Yes, we are truly and deeply different from each other. But we are alike all the same. In spite of this diversity of age, of country, of education, of position, of everything possible, in spite of the former gulfs that kept us apart, we are in the main alike. Under the same uncouth outlines we conceal and reveal the same ways and habits, the same simple nature of men who have reverted to the state primeval.

The same language, compounded of dialect and the slang of workshop and barracks, seasoned with the latest inventions, blends us in the sauce of speech with the massed multitudes of men who (for seasons now) have emptied France and crowded together in the North-East.

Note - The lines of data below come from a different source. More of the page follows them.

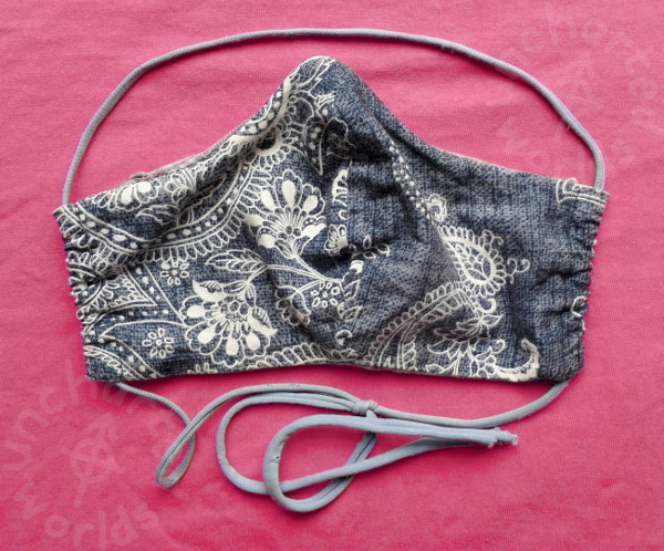 Fabric mask, quite floppy. The main fabric part has a printed pattern of line-drawn white flowers on a mid-blue background. Its headband and neck band is made of a thin curled-up strip of lighter blue stretch fabric, with a knot on the neck-band side to set its tightness.
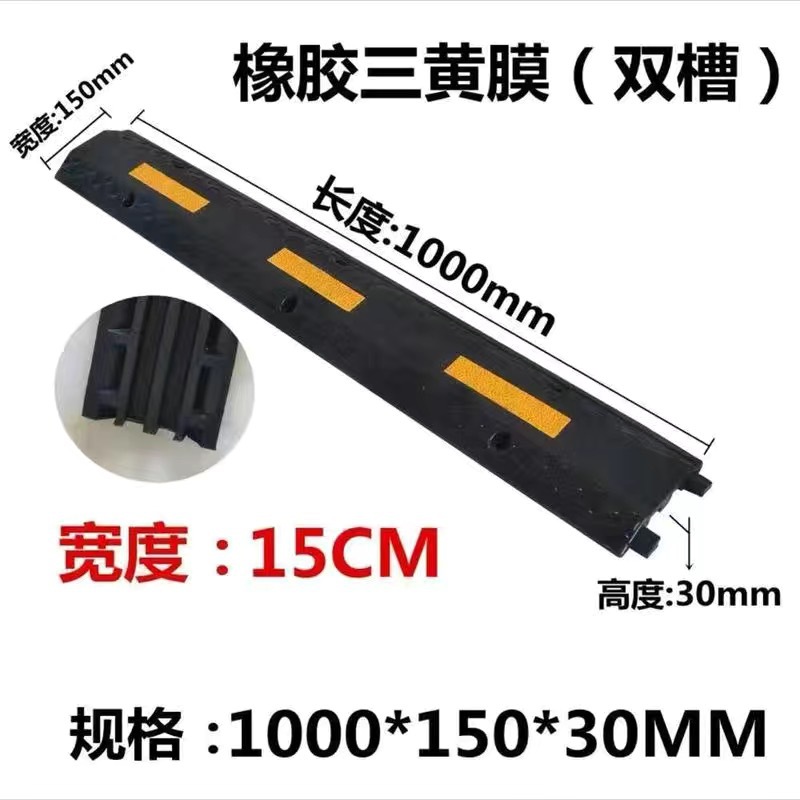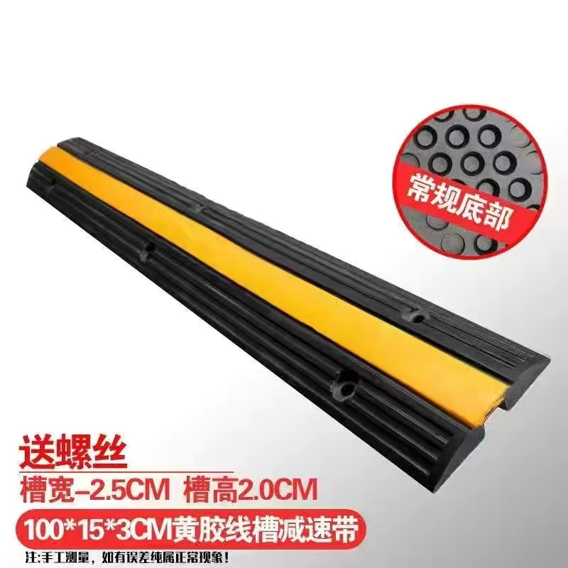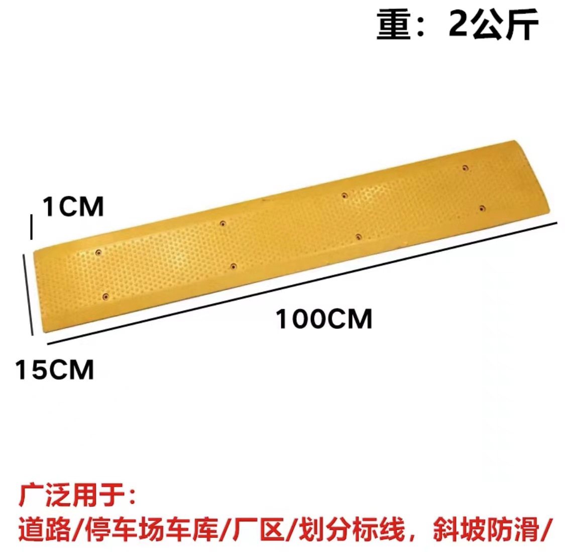 微型橡胶减速带2cm高车位分割线斜坡限速板自行车缓冲带黄黑斜纹
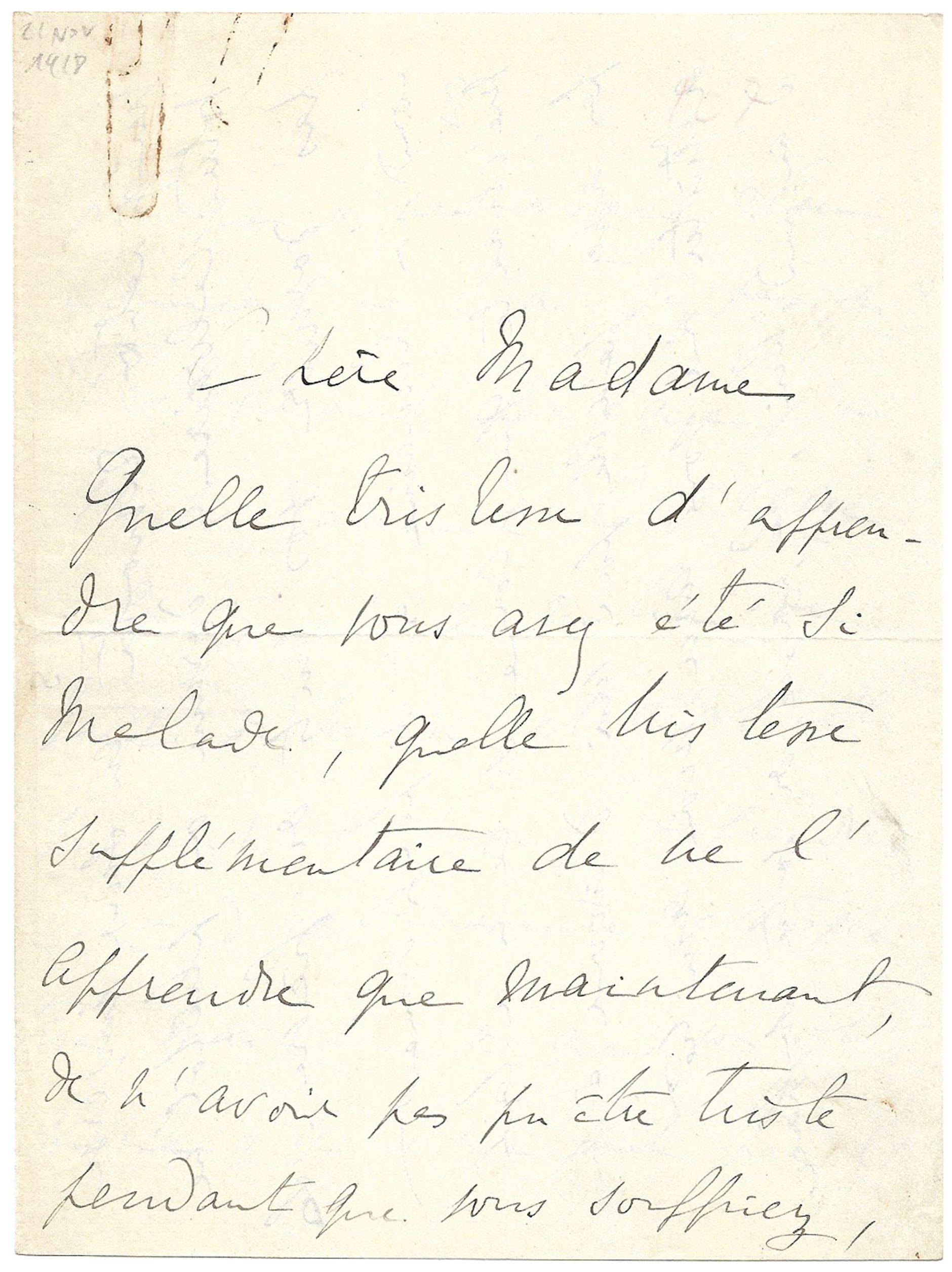Tout juste informé que Marie Scheikévitch a survécu à la grippe espagnole, Proust s’empresse d’écrire à celle qui jadis l’aida pour la publication de Du Côté de chez Swann

Here, too, linked by a fate from which there is no escape, swept willy-nilly by the vast adventure into one rank, we have no choice but to go as the weeks and months go—alike. The terrible narrowness of the common life binds us close, adapts us, merges us one in the other. It is a sort of fatal contagion. Nor need you, to see how alike we soldiers are, be afar off—at that distance, say, when we are only specks of the dust-clouds that roll across the plain.

We are waiting. Weary of sitting, we get up, our joints creaking like warping wood or old hinges. Damp rusts men as it rusts rifles; more slowly, but deeper. And we begin again, but not in the same way, to wait. In a state of war, one is always waiting. We have become waiting-machines. For the moment it is food we are waiting for. Then it will be the post. But each in its turn. When we have done with dinner we will think about the letters. After that, we shall set ourselves to wait for something else.

Hunger and thirst are urgent instincts which formidably excite the temper of my companions. As the meal gets later they become grumblesome and angry. Their need of food and drink snarls from their lips—“That’s eight o’clock. Now, why the hell doesn’t it come?”

“Just so, and me that’s been pining since noon yesterday,” sulks Lamuse, whose eyes are moist with longing, while his cheeks seem to carry great daubs of wine-colored grease-paint.

Discontent grows more acute every minute.

“I’ll bet Plumet has poured down his own gullet my wine ration that he’s supposed to have, and others with it, and he’s lying drunk over there somewhere.”

“It’s sure and certain”—Marthereau seconds the proposition.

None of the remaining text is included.